If there’s one thing we know about innovation, it is that being bigger doesn’t make it easier. It is often hardest for established, successful firms to adjust to the disruptive technologies that give leaner, younger and hungrier rivals the chance to eat their lunch.
That is why a knockout success like Fifty Shades of Grey, now doing so well for Random House, came out of self-published Twilight fan fiction. Meanwhile Pearson’s interim management statement showed Penguin’s revenues still in decline – down two per cent after nine months of the year, better than the half year figures, down four per cent. Clayton Christensen of Harvard Business School published his classic The Innovator’s Dilemma 15 years ago. It still needs to be more widely read.
Much has been said about how this deal starts to make Penguin and Random House big enough to get more bargaining power with Amazon, as if Amazon were the giant in the room. But each is already big enough for significant influence. Random House had revenues in 2011 of €1.7bn (£1.4bn). Penguin had 2011 revenues of £1bn.
In any case, when it comes to the future of ebook pricing, it’s not Amazon the combined publisher needs to worry about so much as the US Department of Justice. Random House was the only big publisher to fall outside the DOJ’s price-fixing suit filed in April, that accuses firms of colluding with Apple to fix ebook prices artificially high. Penguin is one of the firms named. Three publishers, including Rupert Murdoch’s HarperCollins, settled. Penguin Group decided to fight.

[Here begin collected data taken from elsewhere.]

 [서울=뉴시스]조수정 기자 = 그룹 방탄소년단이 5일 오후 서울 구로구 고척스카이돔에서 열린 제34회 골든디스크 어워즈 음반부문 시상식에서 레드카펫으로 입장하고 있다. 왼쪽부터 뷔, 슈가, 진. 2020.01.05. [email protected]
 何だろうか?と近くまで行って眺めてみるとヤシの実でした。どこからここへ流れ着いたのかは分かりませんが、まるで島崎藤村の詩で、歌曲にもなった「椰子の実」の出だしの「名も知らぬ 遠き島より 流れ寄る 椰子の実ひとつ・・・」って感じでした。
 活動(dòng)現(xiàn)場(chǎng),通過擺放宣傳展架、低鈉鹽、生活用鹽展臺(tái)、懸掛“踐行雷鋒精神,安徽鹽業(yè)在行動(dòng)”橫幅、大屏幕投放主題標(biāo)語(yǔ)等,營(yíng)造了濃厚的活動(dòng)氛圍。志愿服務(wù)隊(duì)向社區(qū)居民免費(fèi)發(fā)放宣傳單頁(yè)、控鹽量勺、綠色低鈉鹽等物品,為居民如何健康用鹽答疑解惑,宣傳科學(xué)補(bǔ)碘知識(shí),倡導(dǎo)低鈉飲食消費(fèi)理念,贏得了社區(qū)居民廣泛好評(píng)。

A loss would be damaging, adding extra risk to this week’s deal. But whatever the rights and wrongs of the case, Penguin’s decision to battle not settle shows it ranging itself against the disrupted world of low-priced ebooks. It is not the sign of a firm predisposed to adventurous experiment with the form.

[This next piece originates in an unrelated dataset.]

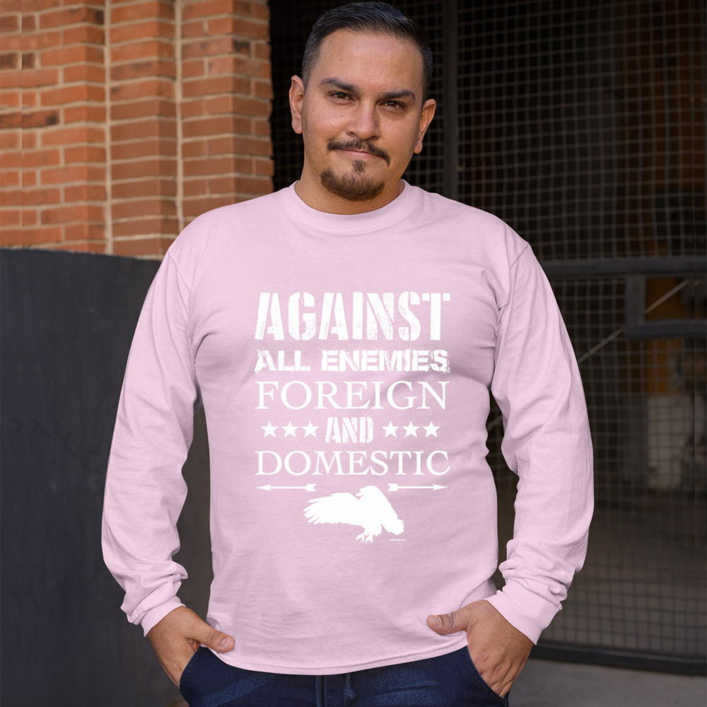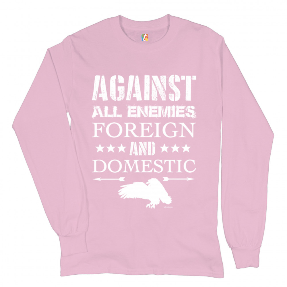 AGAINST ALL ENEMIES FOREIGN AND DOMESTIC long sleeve t-shirt patriotic veteran pink
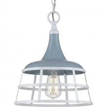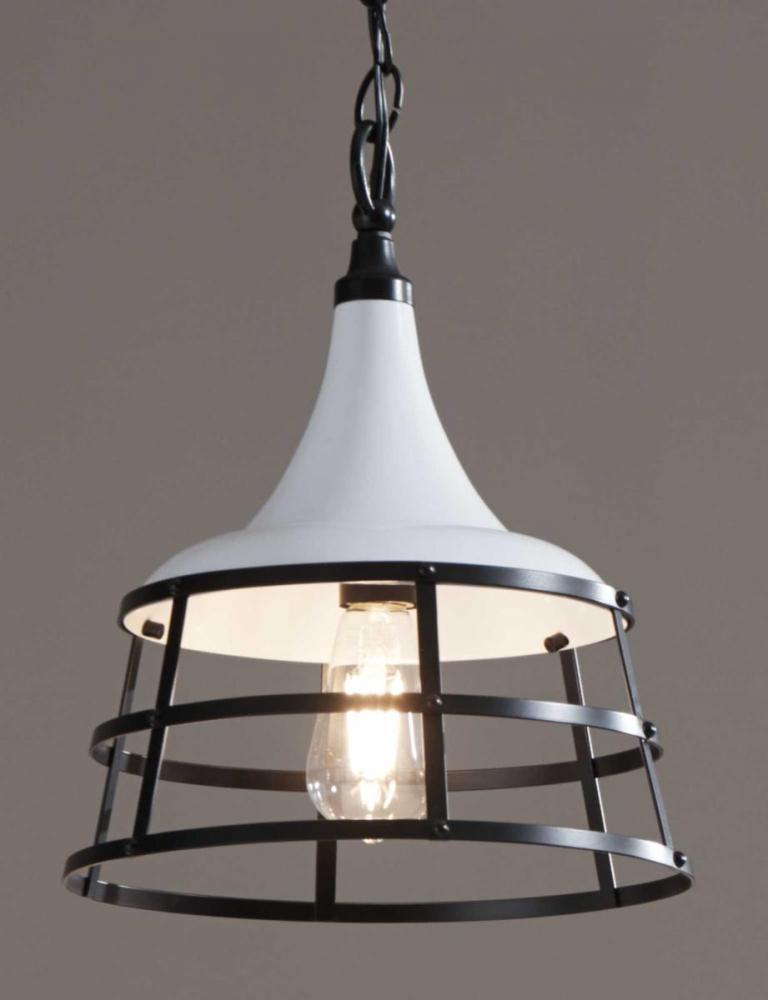 Mini-pendant gushing with rustic farmhouse charm.;A country basket shade is coated in a black farmhouse-inspired finish.;A metal covering coated in a crisp white finish contrasts with the black basket shade.;Ideal for any foyer, kitchen, or dining room.;Pe

In the brave new world of publishing, big firms count for less and less. Big authors can tame Amazon all on their own: JK Rowling decided she wasn’t going to let Amazon distribute her ebooks, or her publishers publish them, and Amazon is still providing links to Pottermore to buy Harry Potter kindle editions. Celebrity authors remain the backbone of the big publishers – Penguin namedropped Tom Clancy and Pippa Middleton yesterday – but just as celebrities are learning to speak with their fans directly on social media, they may not continue to see the need to share book revenues with big publishers. The next Fifty Shades of Grey may not see the need to take a Random House deal after breaking out. That’s the painful possibility that a bigger firm won’t protect against.